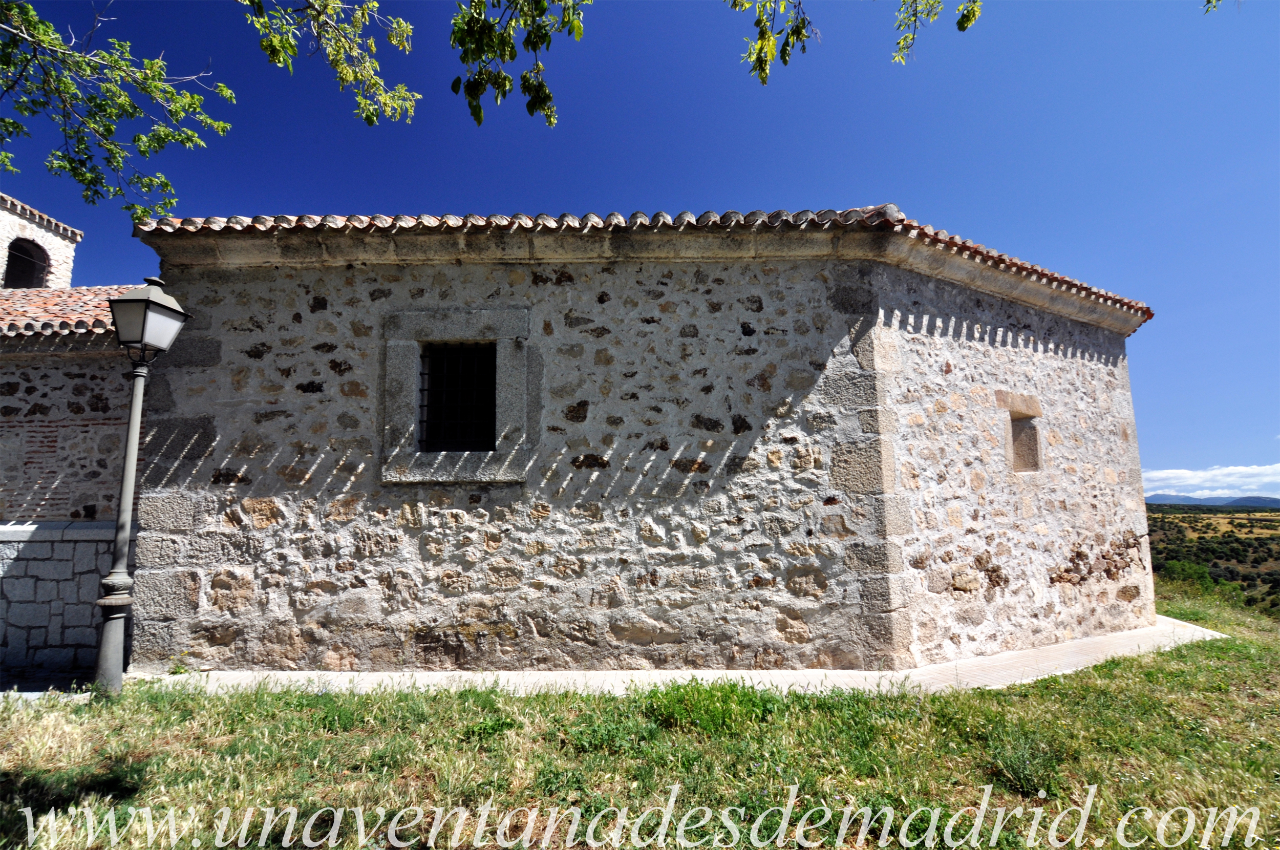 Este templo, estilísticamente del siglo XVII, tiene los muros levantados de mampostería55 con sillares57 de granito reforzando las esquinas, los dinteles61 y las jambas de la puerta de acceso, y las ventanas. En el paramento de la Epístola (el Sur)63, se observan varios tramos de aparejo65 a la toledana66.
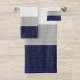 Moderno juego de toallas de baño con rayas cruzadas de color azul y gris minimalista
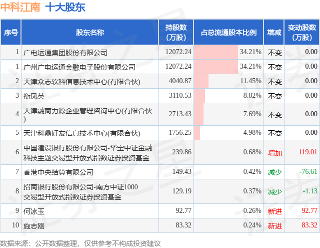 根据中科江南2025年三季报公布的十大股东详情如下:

§ What to produce
Without the pictures, repeat the listing word for word.

§ Output below
 Este templo, estilísticamente del siglo XVII, tiene los muros levantados de mampostería55 con sillares57 de granito reforzando las esquinas, los dinteles61 y las jambas de la puerta de acceso, y las ventanas. En el paramento de la Epístola (el Sur)63, se observan varios tramos de aparejo65 a la toledana66.
 Moderno juego de toallas de baño con rayas cruzadas de color azul y gris minimalista
 根据中科江南2025年三季报公布的十大股东详情如下:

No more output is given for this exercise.